I was really keen to read Darry Fraser’s The Widow of Ballarat after getting a taste of her writing in HQ Fiction’s Christmas release Our Country Christmas (as an aside, this is one of my favourite things about those kinds of anthologies/short story collections – it is such a great way to discover new favourite authors!)

1854, Ballarat, Victoria When Nell Amberton’s husband is shot dead by a bushranger, there are few who grieve his passing, and Nell least of all. How could she miss the monster who had abused her from the day they wed – the man who had already killed his innocent first wife? But his death triggers a chain of events that seem to revolve around the handsome bushranger who murdered him – a man to whom Nell, against her better judgement, is drawn.
But Nell has far more than a mysterious stranger to worry about. With a mess of complications around her late husband’s will, a vicious scoundrel of a father trying to sell her off in matrimony, and angry relatives pursuing her for her husband’s gold, she is more concerned with trying to ensure her safety and that of her friend, goldfields laundry woman Flora, than dealing with the kind of feelings that led her astray so catastrophically before.
After the violence on the goldfields, Nell’s fate also hangs in the balance. It seems that, after all, she might need to do the one thing she has avoided at all costs … ask for the help of a man.

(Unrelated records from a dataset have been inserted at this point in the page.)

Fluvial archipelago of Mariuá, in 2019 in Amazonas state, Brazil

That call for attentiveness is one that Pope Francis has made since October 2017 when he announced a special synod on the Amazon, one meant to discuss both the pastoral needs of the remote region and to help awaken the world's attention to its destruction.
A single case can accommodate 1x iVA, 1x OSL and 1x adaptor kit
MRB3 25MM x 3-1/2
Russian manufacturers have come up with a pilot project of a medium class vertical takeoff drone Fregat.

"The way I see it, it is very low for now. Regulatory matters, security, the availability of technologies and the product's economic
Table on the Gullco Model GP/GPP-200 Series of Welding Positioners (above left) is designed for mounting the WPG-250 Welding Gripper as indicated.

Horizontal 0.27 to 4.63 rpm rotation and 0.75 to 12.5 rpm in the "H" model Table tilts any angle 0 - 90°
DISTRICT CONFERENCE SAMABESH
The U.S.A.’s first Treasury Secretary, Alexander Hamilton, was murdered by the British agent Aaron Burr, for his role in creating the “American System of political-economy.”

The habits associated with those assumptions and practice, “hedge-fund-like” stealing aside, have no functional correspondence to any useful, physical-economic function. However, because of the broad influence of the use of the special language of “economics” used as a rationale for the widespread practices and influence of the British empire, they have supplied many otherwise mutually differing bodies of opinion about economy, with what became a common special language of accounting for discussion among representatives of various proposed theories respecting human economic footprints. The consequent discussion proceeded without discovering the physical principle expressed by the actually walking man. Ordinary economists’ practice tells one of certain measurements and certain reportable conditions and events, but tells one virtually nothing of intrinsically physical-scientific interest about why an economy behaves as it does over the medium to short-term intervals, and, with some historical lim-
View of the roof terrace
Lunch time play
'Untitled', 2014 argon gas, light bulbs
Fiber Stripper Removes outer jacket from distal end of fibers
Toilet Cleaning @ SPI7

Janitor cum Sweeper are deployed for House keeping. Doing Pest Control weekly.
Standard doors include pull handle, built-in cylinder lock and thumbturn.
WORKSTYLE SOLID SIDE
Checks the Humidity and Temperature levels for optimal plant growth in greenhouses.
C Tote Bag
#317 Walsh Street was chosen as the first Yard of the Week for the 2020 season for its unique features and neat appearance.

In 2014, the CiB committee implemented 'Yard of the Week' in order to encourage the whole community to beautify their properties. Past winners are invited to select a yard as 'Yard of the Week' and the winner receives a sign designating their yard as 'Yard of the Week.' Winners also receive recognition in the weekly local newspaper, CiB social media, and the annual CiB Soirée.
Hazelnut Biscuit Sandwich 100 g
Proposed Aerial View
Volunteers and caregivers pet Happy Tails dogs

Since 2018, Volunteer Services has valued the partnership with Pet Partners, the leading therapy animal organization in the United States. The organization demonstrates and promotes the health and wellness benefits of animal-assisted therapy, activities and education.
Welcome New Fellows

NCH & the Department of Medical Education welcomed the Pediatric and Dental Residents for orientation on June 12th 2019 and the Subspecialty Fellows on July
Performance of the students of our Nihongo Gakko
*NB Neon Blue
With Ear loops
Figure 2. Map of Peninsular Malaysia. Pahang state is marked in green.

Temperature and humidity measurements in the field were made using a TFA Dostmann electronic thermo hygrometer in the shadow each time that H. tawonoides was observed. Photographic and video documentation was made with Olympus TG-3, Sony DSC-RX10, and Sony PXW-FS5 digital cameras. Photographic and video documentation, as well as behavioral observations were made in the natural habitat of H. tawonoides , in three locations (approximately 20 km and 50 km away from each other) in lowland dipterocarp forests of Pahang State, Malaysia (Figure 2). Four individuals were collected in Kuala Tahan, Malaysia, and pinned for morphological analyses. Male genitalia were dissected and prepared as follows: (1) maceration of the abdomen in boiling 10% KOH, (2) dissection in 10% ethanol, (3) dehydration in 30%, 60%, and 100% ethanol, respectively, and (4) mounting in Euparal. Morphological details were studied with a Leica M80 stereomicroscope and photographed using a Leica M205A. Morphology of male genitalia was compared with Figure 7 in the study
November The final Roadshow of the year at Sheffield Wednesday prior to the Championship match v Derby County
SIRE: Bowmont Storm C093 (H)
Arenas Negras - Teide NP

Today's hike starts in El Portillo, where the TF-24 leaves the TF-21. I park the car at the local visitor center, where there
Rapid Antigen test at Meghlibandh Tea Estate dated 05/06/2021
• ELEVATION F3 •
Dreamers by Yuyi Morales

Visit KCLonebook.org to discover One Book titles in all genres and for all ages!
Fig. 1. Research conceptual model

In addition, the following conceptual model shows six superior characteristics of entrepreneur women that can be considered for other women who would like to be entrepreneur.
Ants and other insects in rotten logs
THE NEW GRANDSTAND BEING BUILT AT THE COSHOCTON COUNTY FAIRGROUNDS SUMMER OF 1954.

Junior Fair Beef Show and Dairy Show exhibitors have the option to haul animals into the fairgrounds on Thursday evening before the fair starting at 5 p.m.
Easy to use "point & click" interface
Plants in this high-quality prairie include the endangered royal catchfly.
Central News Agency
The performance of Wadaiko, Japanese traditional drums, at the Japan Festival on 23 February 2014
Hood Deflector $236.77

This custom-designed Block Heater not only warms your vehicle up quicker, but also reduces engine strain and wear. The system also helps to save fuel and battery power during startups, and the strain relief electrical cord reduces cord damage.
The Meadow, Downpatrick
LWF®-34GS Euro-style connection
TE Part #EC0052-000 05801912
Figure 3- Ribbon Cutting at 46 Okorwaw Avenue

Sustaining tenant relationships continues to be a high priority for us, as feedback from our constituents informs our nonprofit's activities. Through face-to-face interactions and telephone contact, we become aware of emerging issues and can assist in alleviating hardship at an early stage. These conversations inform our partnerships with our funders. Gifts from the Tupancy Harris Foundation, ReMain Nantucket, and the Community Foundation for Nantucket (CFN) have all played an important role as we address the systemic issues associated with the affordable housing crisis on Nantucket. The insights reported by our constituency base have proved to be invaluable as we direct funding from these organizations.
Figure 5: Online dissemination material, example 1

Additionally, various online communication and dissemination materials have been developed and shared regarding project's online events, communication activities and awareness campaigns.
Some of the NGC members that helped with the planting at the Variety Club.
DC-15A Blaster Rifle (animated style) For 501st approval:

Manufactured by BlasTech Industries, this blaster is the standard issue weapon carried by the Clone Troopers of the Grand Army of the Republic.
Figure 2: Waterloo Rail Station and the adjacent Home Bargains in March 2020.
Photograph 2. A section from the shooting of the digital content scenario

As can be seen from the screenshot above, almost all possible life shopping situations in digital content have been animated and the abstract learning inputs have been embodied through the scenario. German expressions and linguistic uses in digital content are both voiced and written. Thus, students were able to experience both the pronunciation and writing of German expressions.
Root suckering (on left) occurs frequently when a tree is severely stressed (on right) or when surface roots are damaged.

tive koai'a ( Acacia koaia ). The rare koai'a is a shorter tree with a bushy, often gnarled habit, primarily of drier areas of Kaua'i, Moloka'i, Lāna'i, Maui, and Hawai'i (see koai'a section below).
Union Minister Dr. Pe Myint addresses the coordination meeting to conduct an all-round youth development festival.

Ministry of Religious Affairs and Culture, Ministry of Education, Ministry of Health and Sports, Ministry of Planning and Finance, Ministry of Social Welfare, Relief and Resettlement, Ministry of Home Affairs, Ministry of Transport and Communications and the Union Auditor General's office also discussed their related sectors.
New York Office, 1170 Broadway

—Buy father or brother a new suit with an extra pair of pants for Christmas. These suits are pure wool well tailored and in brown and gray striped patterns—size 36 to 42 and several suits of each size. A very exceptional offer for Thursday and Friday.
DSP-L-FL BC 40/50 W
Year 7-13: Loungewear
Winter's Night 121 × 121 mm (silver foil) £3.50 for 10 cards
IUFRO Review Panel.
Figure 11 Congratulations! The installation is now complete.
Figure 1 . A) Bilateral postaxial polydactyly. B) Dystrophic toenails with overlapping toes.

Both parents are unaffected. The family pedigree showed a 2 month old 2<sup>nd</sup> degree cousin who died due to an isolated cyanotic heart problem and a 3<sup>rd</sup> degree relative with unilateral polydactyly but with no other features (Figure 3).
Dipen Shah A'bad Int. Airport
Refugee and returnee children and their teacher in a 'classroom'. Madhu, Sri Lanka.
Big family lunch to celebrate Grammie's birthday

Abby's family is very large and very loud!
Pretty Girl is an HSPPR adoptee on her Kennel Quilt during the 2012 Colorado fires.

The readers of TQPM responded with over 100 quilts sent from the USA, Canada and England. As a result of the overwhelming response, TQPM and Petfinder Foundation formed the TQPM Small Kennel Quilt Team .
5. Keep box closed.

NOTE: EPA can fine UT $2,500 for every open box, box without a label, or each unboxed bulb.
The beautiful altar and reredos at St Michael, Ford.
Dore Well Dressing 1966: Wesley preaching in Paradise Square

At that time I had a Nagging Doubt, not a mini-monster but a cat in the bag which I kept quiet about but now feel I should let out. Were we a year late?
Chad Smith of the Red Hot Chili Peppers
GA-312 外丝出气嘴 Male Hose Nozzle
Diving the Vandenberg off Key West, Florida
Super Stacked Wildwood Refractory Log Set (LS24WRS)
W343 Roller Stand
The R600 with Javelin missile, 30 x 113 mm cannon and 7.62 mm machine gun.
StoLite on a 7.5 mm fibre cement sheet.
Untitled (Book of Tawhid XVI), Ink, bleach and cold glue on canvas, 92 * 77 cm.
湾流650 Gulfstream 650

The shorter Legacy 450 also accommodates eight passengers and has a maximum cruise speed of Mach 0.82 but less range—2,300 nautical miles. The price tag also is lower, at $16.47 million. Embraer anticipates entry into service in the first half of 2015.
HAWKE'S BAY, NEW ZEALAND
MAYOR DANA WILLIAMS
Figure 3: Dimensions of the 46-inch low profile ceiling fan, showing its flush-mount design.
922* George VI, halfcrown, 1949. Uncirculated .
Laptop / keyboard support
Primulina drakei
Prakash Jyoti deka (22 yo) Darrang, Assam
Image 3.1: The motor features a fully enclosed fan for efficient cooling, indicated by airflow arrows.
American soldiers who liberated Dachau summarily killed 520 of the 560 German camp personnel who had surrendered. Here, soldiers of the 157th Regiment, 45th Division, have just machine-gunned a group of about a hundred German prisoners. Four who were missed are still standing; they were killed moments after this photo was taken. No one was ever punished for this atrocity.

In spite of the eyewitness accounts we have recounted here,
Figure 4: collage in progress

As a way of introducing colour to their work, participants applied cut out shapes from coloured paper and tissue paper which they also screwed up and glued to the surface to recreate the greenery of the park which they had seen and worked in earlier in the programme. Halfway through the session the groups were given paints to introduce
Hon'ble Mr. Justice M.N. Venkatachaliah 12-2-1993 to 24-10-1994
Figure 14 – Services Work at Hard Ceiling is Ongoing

This book kept me company as we travelled across the US and Canada in December/January (it’s pictured here on the on Chattanooga’s Walnut Street Bridge on the Tennessee River) – and it was wonderful company!  The story was really easy to get into, which made it perfect reading for those times when I had to read in brief chunks – it was easy to get back into the story and I never felt like I lost track of where I was up to.

It has a lot of the things I am loving in books at the moment – strong women, alternating POVs/stories that come together, and an historical Australian setting. One of the things that I thought Fraser did exceptionally well in this book was to put women back in the story of the goldfields. She really shows the importance of women in that time and place, and the variety of roles that they took – from laundry women like Nell and her friend Flora, to women panning for gold themselves, running the homes, or providing food, lodgings, or entertainment for the men. It was fantastic to see this aspect feature so strongly in the story, since women are so often written out of these space in history.

As a fan of Australian historical fiction I’m looking forward to seeing what Fraser writes next!

x Bron

***
I received a copy of The Widow of Ballarat from HQ Fiction (Harper Collins). All views are my own.